Bank employee livestreamed Louisville mass shooting that killed five people
A 23-year-old bank employee who opened fire in his workplace in Louisville and killed five people livestreamed his attack, authorities have said.
Officers arrived at the Old National Bank at around 8.30am and exchanged gunfire with the shooter, who has since been identified as Connor Sturgeon.
"The suspect shot at officers. We then returned fire and stopped that threat," Louisville Metro Police Department chief Jacquelyn Gwinn-Villaroel told a news conference.

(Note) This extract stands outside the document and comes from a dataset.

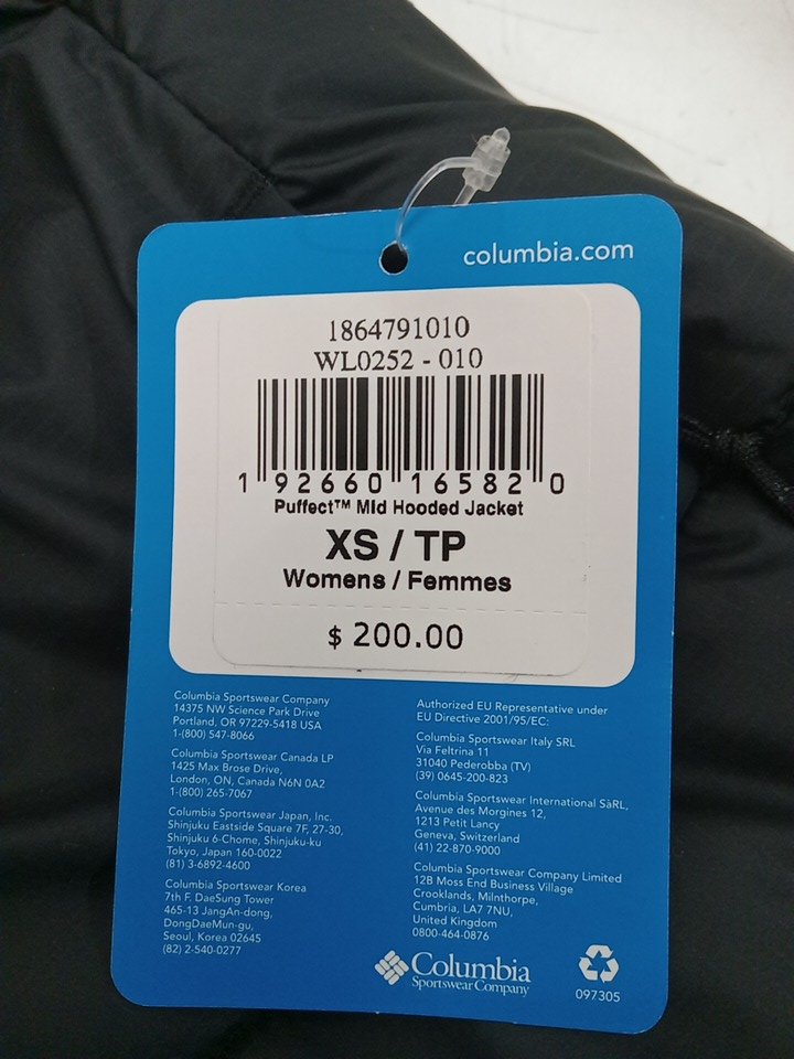 WOMEN'S COLUMBIA PUFFECT MID HOODED PUFFER JACKET - EXTRA SMALL - BLACK

Remarking on how the now deceased shooter broadcast his attack online, she said: "That's tragic to know that that incident was out there and captured."
"We're hopeful that we can have that incident removed, that footage removed."
A survivor told how the shooter opened fire with a long rifle in the back of the building's first floor.
"Whoever was next to me got shot - blood is on me from it," he told WHAS-TV, explaining how he fled to a break room and shut the door.
Nine people, including two police officers, were treated for injuries from the shooting, University of Louisville Hospital spokeswoman Heather Fountaine said in an email.
One of the officers, a 26-year-old who had graduated from the police academy on March 31, was in a critical condition after being shot in the head and having surgery, the police chief said. At least three patients had been discharged.
In a tweet, Kentucky governor Andy Beshear said he was heading to the scene, adding: "Please pray for all of the families impacted and for the city of Louisville."
At a news conference, he became emotional as he said he had two very close friends who "didn't make it today", while another is at hospital.
He said his 2015 attorney general campaign was based in the same building, adding: "I know virtually everyone in it, that's my bank."
The governor said: "These are irreplaceable, amazing individuals that a terrible act of violence tore from all of us."
It was the second time that Mr Beshear was personally touched by a mass tragedy since becoming governor.
The city's mayor, Craig Greenberg, also arrived in the area shortly after the shooting.
"We will come together as a community to work to prevent these horrific acts of gun violence from continuing here and around the state," he said at the news conference.
The shooting, the 15th mass killing in the US this year, comes just two weeks after a former student killed three children and three adults at a Christian elementary school in Nashville, Tennessee.